Developer: Adobe Systems
Initial release: 1984
PNM (Portable Any Map) is an umbrella designation within the Netpbm family that encompasses all three classic portable map formats: PBM (Portable BitMap for monochrome), PGM (Portable GrayMap for grayscale), and PPM (Portable PixMap for color). Created by Jef Poskanzer in 1988 as part of the Pbmplus toolkit, PNM is not a distinct format with its own magic number but rather a collective name indicating that any of the three underlying formats may be used. When software reads a PNM file, it examines the magic number (P1/P4 for PBM, P2/P5 for PGM, P3/P6 for PPM) and processes accordingly; when software writes a PNM file, it selects the most appropriate subformat based on the image content. This convention allows Netpbm processing pipelines to pass images between tools without requiring the user to track which specific format is in use — every tool in the chain accepts PNM input and produces PNM output, with the actual format chosen automatically. The Netpbm toolkit provides hundreds of command-line utilities for image manipulation: scaling, rotation, color adjustment, compositing, format conversion, quantization, and analysis — all operating on PNM as the common interchange format. One advantage is pipeline composability: Netpbm tools can be chained with Unix pipes (e.g., pnmflip | pnmscale | ppmquant | ppmtogif) to build complex image processing operations from simple primitives, following the Unix philosophy of small, focused tools. The format family's cross-platform availability and language support is another strength — virtually every image processing library in every programming language can read and write PNM variants. PNM files are supported by ImageMagick, GIMP, and all major image tools.
Developer: Jef Poskanzer
Initial release: 1988

Frequently Asked Questions

Why convert PFB to PNM?

PNM is the umbrella format for PBM/PGM/PPM — choosing PNM lets the system pick the best Netpbm variant for your font render, ensuring maximum tool compatibility.

How to open PNM?

PNM files open in GIMP, ImageMagick, IrfanView, XnView, and any tool that supports the Netpbm family. The ASCII variant is human-readable.
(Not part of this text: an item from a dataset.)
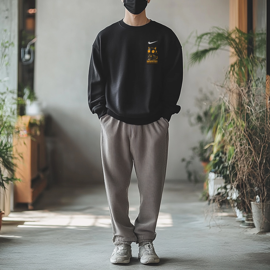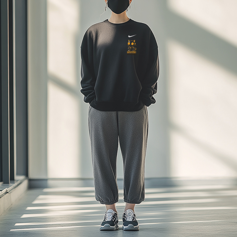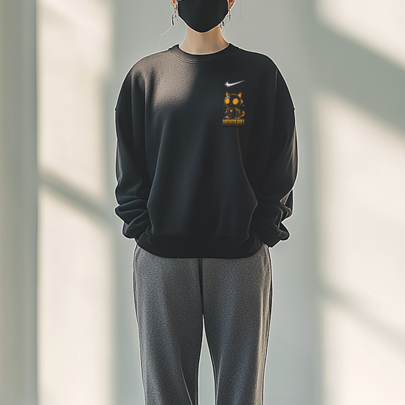 Эта модель, изготовленная на заказ, представляет собой оригинальную чёрную толстовку с круглым вырезом и длинными рукавами, украшенную логотипом Nike. Этот оригинальный дизайн — первый в своём роде, с принтом высокой чёткости, что минимизирует вероятность того, что вы наденете такую же вещь, как и другие.

What is the difference between PNM and PPM?

PNM is a generic label that covers PBM (mono), PGM (gray), and PPM (color). The actual encoding is chosen based on the image content.

Is PNM suitable for automated workflows?

Absolutely — PNM's simple structure makes it one of the easiest formats to parse and process in scripts and command-line pipelines.

Does Convertio support batch PNM conversion?

Yes — upload multiple PFB fonts and render them all as PNM images in one session.